As for the iems, I'm not really sure what to look for to be honest. If anyone can please share some experiences they've had with good/bad iems, I would really appreciate it. Or if anyone knows about a 5 person set for the whole band, that would be pretty awesome.

Thanks so much and I really appreciate whatever help I can get!
#2
Personally I would just run the Pod direct and leave the amp home. If you must mic it, an SM57, Sennheiser e906 or similar but mic placement is pretty critical and results in a much longer setup time to get right. If you were running through a vintage Tweed Deluxe, by all means mic it. Since you are already using a Pod, trust the Pod. YMMV
http://www.soundonsound.com/sos/aug07/articles/guitaramprecording.htm

IEMs are about as personal as headphones so one persons trash is another's treasure. I have been using the Shure E2 for a long time and they sound good but are not super comfortable. I only use them for certain venues and don't get too in love with them. Getting a custom molded fit makes a huge difference in comfort and isolation. You will probably want separate transmitters with multiple mixes so you can get a little more guitar in your ears.
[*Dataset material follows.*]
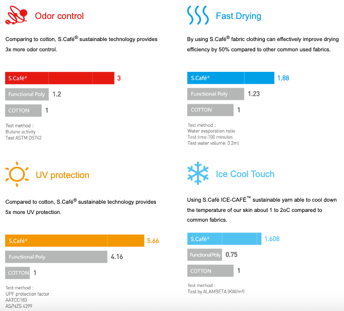 Ever imagine that the coffee we drink being transformed into the apparels we wear? Fascinating, isn’t it? Now, S. Café® technology turns our dream into reality. With a low-temperature, high-pressure and energy saving process, S. Café® technology combines coffee grounds onto the yarn surface, changing the characteristics of the filament, and offers up to 200% faster drying time compared to cotton. Also, the micro-pores on S. Café® coffee grounds absorb odors and reflect UV rays all the time!

Getting a really good mic placement and then a good IEM monitor mix might add 30-60 minutes to your gig setup time so plan ahead. Most players wait until they have a full sound crew with techs to worry about mic placement and IEM mixes so they can just focus on their music.
"Your sound is in your hands as much as anything. It's the way you pick, and the way you hold the guitar, more than it is the amp or the guitar you use." -- Stevie Ray Vaughan

"Anybody can play. The note is only 20 percent. The attitude of the motherfucker who plays it is 80 percent." -- Miles Davis

Guthrie on tone: https://www.youtube.com/watch?v=zmohdG9lLqY
Last edited by Cajundaddy at Jul 31, 2014,
#3
It depends on your budget.

If you have the money for a 441, get a 441.
If you have the money for a 421, get a 421.
If you have the money for an SM57, get an SM57.

That is, if you can't stand gigging without an amp.

I personally would make my best to stand it, and follow cajundaddy's advice of using the pod alone.

Also why would you mic both speakers AND use the pod?
I get you'd like to have a full sound, but a couple different sounds alone will do.
Then you can use other sorts of gimmicks to sound fuller, but picking up the sound from two different speakers being fed from the same amp is gonna make you sound muddy unless you have a good sound guy, and that's not a thing I would count on unless you tour with your trusted sound guy.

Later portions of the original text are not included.